OS Grid ref:- SK115811

Eldon HoleEldon HoleEldon Hole, an alarming, evil-looking chasm, was named as one of the seven wonders of the Peak District by the philosopher Thomas Hobbes in 1636, the other six wonders of the Peak are said to be Peak Cavern, at Castleton, Poole’s Cavern, Mam Tor, also known as the 'Shivering Mountain', St Anne’s Well in the spa town of Buxton, magnificent Chatsworth House known as "The Palace of the Peak", the country seat of the Duke of Devonshire and the ebbing and flowing well in Barmough Clough.

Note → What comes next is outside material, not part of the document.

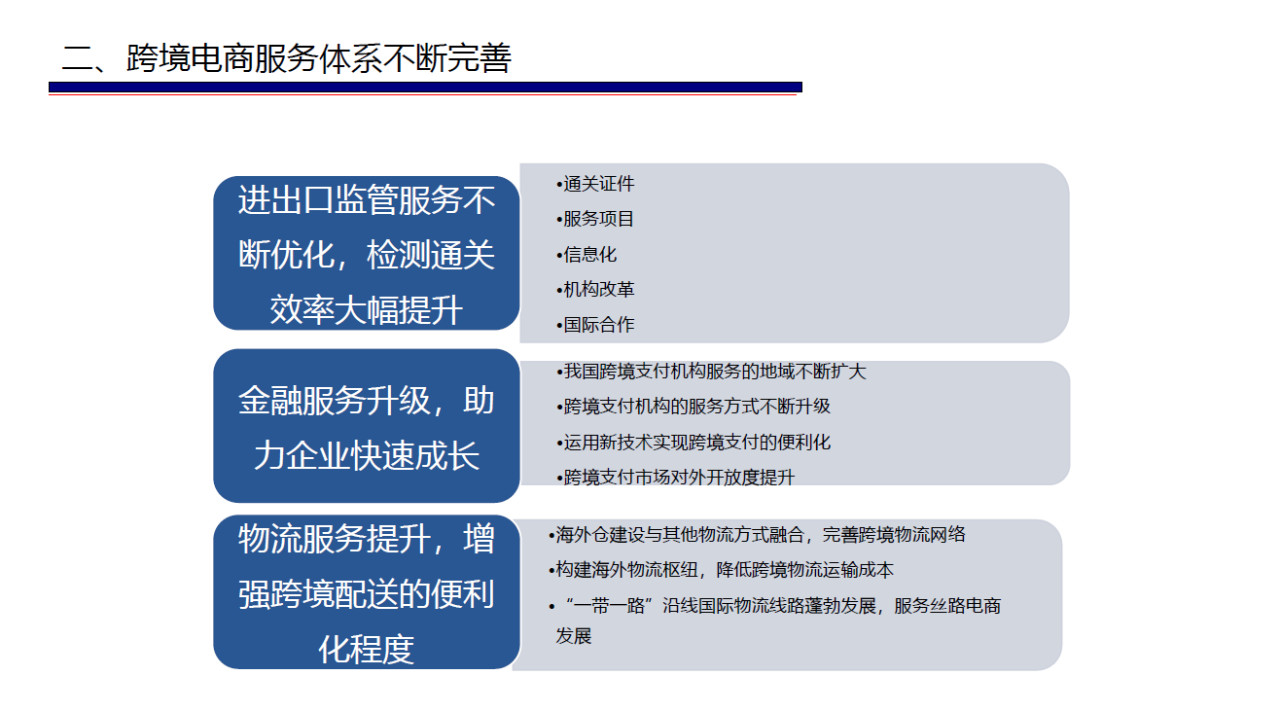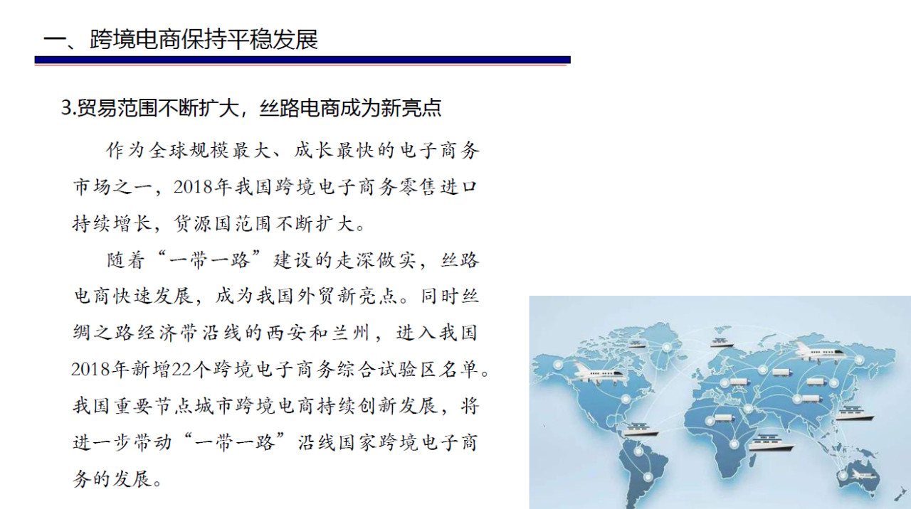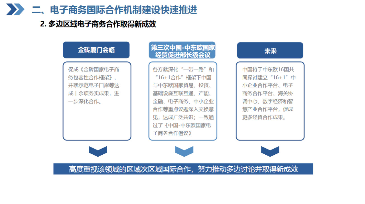 1.跨境电子商务交易总额不断增长,结构优化升级;2. 跨境电子商务国内区域发展逐步均衡,中西部地区成为新增长点;3. 跨境电子商务国际范围不断扩大,丝路电商成为新亮点。

At 245 feet in depth, Eldon Hole is deepest pothole in Derbyshire and is situated on the southern side of Eldon Hill, which lies four kilometres to the southwest of the village of Castleton.

The entrance to the hole measures 110 feet in length and is 20 feet wide. A 60 feet pile of stones at the bottom of the hole slope into a large cavern which has a domed roof from which stalactites hang.

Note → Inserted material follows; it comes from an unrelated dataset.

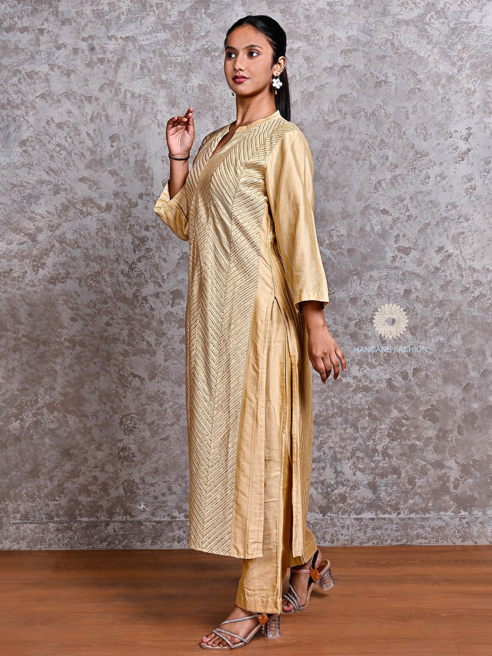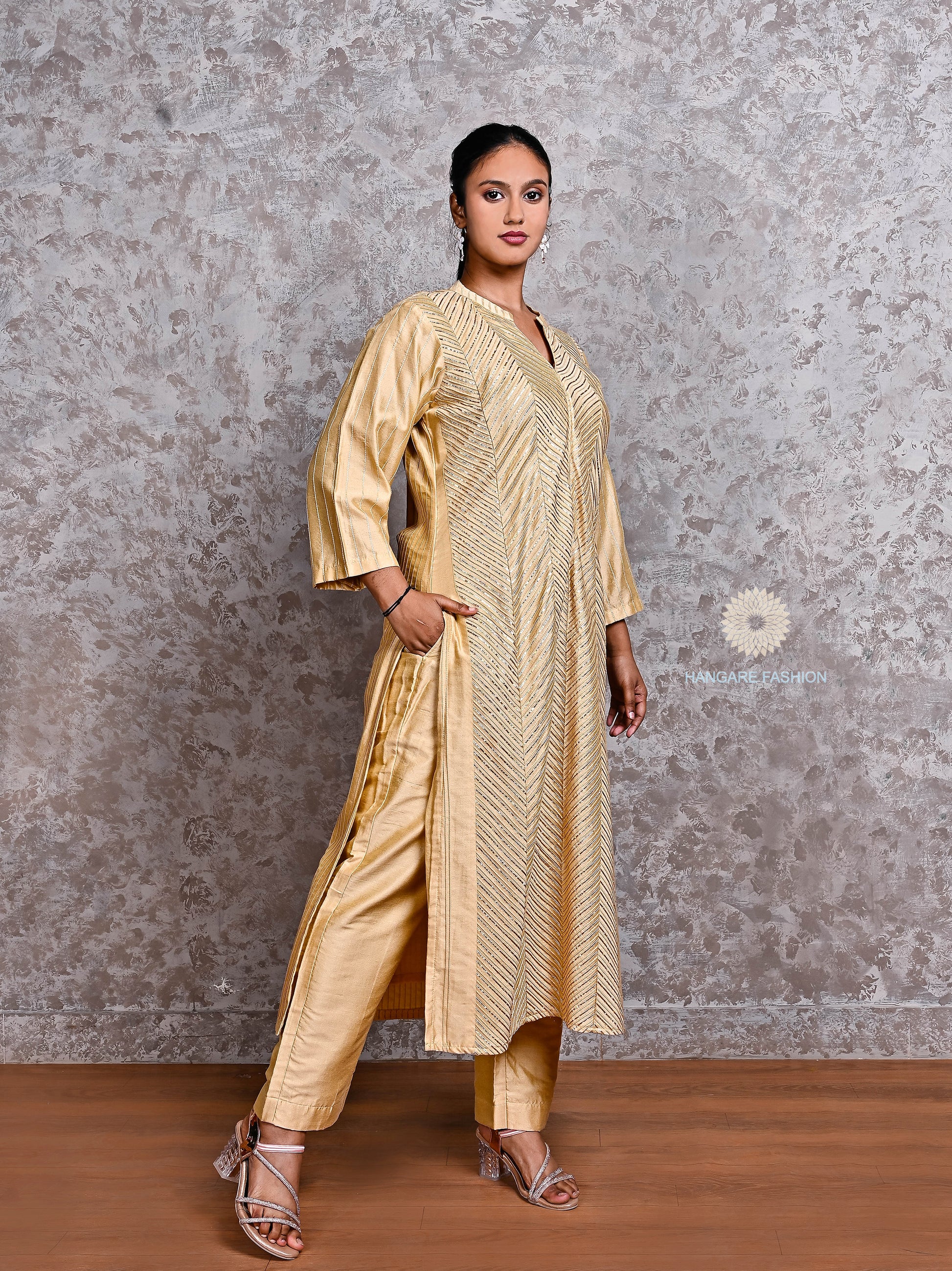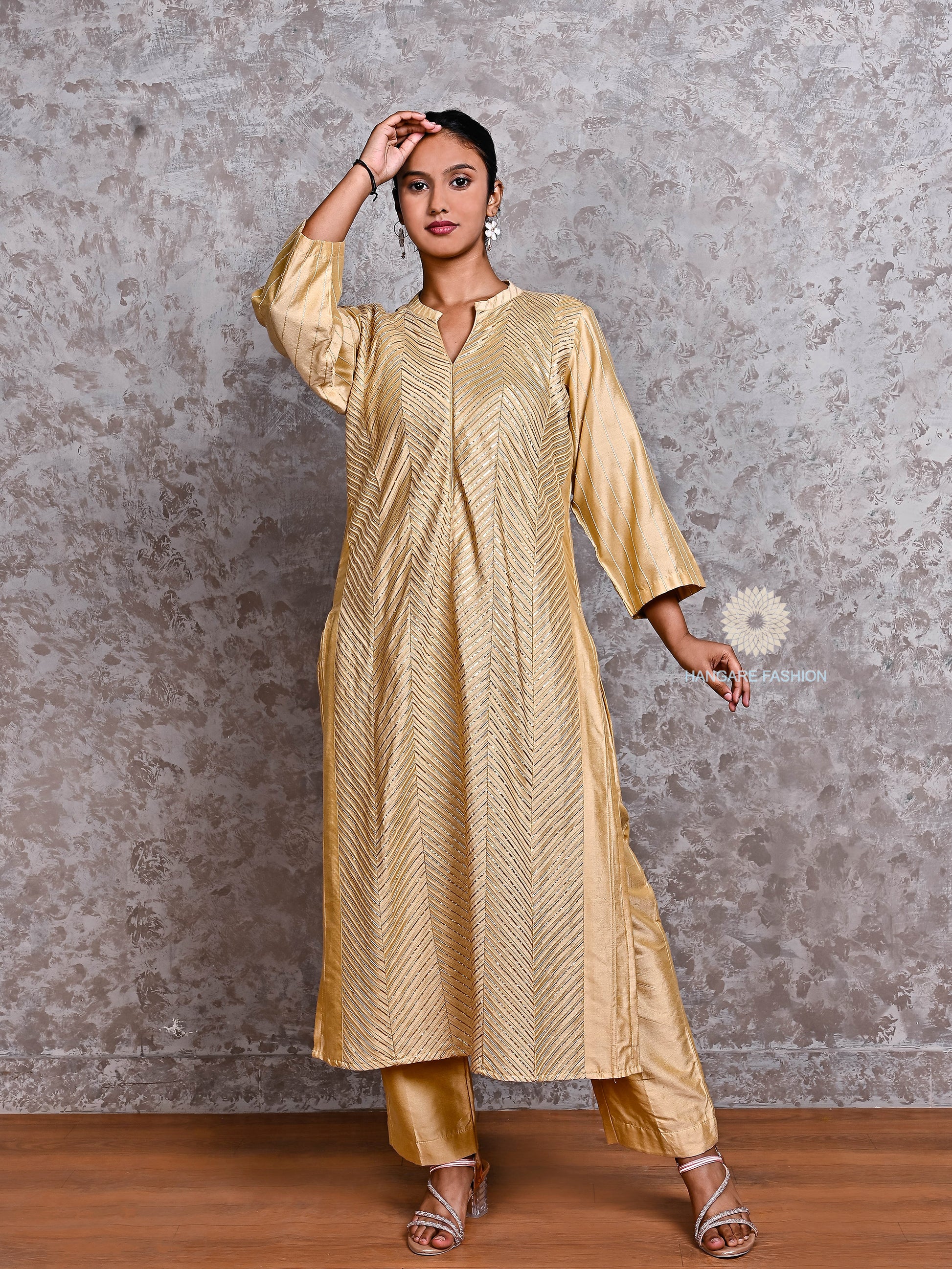 Golden Cotton Silk Stitched Suit with Gota Patti & Dupatta

Pot holes were often seen as the abode of fairies and supernatural beings in the past and Eldon Hole was once thought to be a bottomless refuge for the devil. Legend states that an old woman's goose was once thrown down and emerged days later from Peak Cavern several miles away with “it’s feathers blackened by the fires of hell”!

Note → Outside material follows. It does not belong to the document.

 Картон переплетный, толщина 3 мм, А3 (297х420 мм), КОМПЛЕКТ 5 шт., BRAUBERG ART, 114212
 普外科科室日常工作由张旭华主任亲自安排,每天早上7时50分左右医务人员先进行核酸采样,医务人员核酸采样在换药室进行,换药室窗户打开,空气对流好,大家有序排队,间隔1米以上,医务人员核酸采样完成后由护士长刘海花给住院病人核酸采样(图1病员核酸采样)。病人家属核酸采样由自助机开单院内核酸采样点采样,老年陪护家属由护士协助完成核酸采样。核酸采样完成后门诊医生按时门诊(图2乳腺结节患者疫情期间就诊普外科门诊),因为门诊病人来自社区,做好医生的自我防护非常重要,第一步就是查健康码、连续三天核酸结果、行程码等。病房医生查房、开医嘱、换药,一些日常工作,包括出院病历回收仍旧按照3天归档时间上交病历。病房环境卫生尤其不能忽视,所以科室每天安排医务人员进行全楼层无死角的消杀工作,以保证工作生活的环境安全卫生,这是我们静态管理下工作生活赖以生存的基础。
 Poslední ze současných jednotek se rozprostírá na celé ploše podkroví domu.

Local folklore states that a man called Charles Cotton was lowered down the hole in the past on a rope a mile long and still didn't reach the bottom. In Elizabethan times, the Earl of Leicester had a man lowered into the depths of Eldon Hole. He was found to be unconscious when he was raised and died soon afterwards. Investigation in the eighteenth century proved the Hole to be around 60 yards in depth. Today Eldon Hole is quite regularly descended by potholers, but it is still considered dangerous even with modern equipment.